The Dutch company said it would help “establish and ramp up” production at the plant by supplying its cutting-edge chipmaking tools.
Tata Electronics plans to invest $11bn in the facility, which is expected to manufacture chips for artificial intelligence, the automotive industry and other sectors.
ASML chief executive Christophe Fouquet said the company saw “many compelling opportunities” in India’s growing semiconductor industry.
“We are committed to establishing long-term partnerships in the region,” Fouquet said in a statement.
The deal comes as India and the Netherlands move to deepen economic ties, with New Delhi seeking foreign technology and investment to boost manufacturing and create jobs.
The European Union has increasingly viewed India – the world’s most populous country and one of its fastest-growing economies – as a key future market.
During his visit, Modi held talks with Dutch Prime Minister Rob Jetten and met King Willem-Alexander.
“My conversations with Prime Minister Rob Jetten were extensive and covered a wide range of topics,” Modi wrote on X.

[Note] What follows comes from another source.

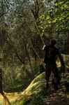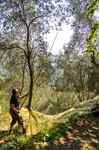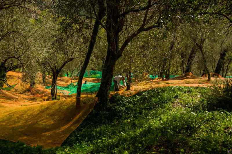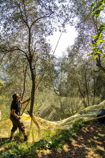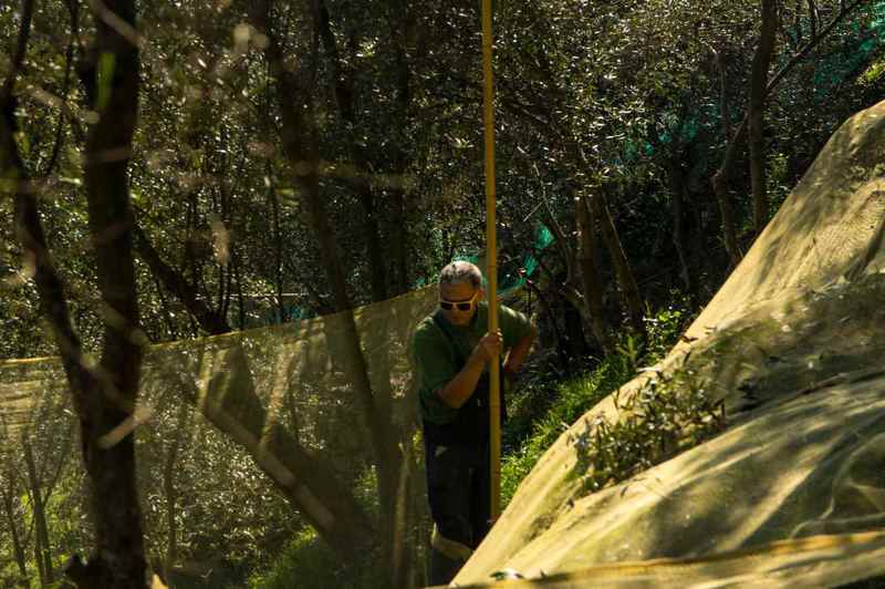 Da bei nur 35 % der Bäume Netze vorinstalliert sind, es aber auch viele gut besetzte Bäume außerhalb dieser Bereiche gibt, haben wir auch ein Handnetz, mit dem man von Baum zu Baum ziehen kann und diese einzeln abernten kann. Da das Ganze ja im Steilhang mit Terrassen stattfindet, ist es eine sehr mühevolle Arbeit.

“One of them was defense and security. I spoke about the possibility of drawing up an action plan for the defense industry as quickly as possible. We can also collaborate in sectors such as space travel, maritime systems, and maritime security.”
Modi also addressed members of the Indian diaspora and is expected to inspect centuries-old Chola copper plates being returned to India by Leiden University.
Indian and Dutch officials are also discussing a more flexible visa arrangement for Indian students and workers in the Netherlands.
Modi will next travel to Sweden for talks with Prime Minister Ulf Kristersson focused on trade, innovation and green technology cooperation. The visit marks his second trip to the country since attending the first India-Nordic summit in 2018.